WOTC repeal

WOTC Repeal – Employer Tax Credit on the Chopping Block

News on tax reform–or the progress of the Tax Cuts and Jobs Act—is big news. Huuuuge news. Very big news. Unfortunately, a lot of the coverage focuses on the same components of the legislation. Heavily discussed have been changes (or possible changes) to income tax brackets, the corporate tax rate, the alternative minimum tax, the standard tax deduction, the child care credit, and a handful of others.

What’s been lost in coverage of the rapidly advancing tax reform legislation is a popular employer tax credit, the Work Opportunity Tax Credit (WOTC). The potential repeal of WOTC is part of the Tax Cuts and Jobs Act, which, ironically, would result in:

  • U.S. employers losing around $1 Billion in annual tax credits and
  • De-incentivize the hiring of American workers who frequently encounter barriers to employment–disabled veterans being one group.

Adding to the bad news, the use of WOTC by employers has increased greatly over the past year. Thanks to the development of an online system, the United States Department of Labor was able to dramatically reduce the time and paperwork required to file for the tax credit. This improvement resulted in many states reporting an increase in WOTC applications. The state of Tennessee, for example, approved nearly 124,000 WOTC applications, totaling over $322 million in employer tax credits between January and October 2017–that represents roughly a 300% increase over the 2016 figures.

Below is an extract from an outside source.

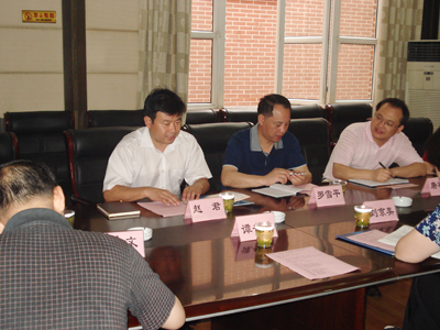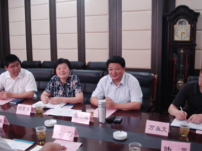 成都理工大学党委书记谭书敏(左三)、副书记刘京美(左二)介绍办学经验
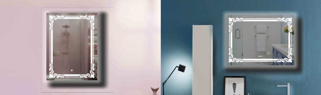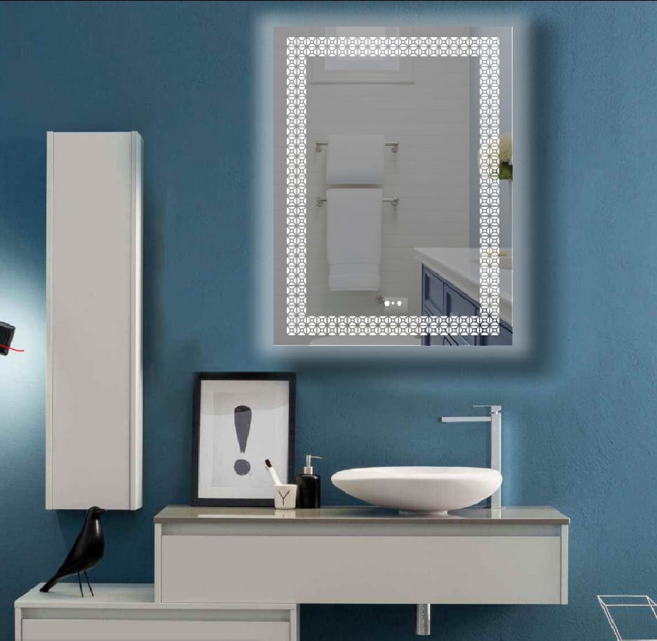 Luxart Ceramic LED Mirror - Classic Tringles Patten Shaped LED Rounded Shape Bathroom Wall Mirror

Of course, the repeal of WOTC is only part of the tax reform bill. Proposed cuts to the corporate tax rate, as well as rates for pass-through entities may very well offset the gains that employers realized from the WOTC tax credit. And one could also argue that employers are not purposefully hiring individuals because they meet the criteria of a WOTC targeting group, rather they are simply taking advantage of the credit after the fact. These are hard issues to argue either way, and only time will tell if the changes proposed in the Tax Cuts and Jobs Act help more than they hurt.

However, first thing’s first: the Senate and House must agree on one bill through conference. Though the two bodies seem close to agreement, there is still time for 11th hour changes. At the time of writing, Senate Majority Leader Mitch McConnell (R-Ky.) stated that he hopes to have a bill on the President’s desk before Christmas.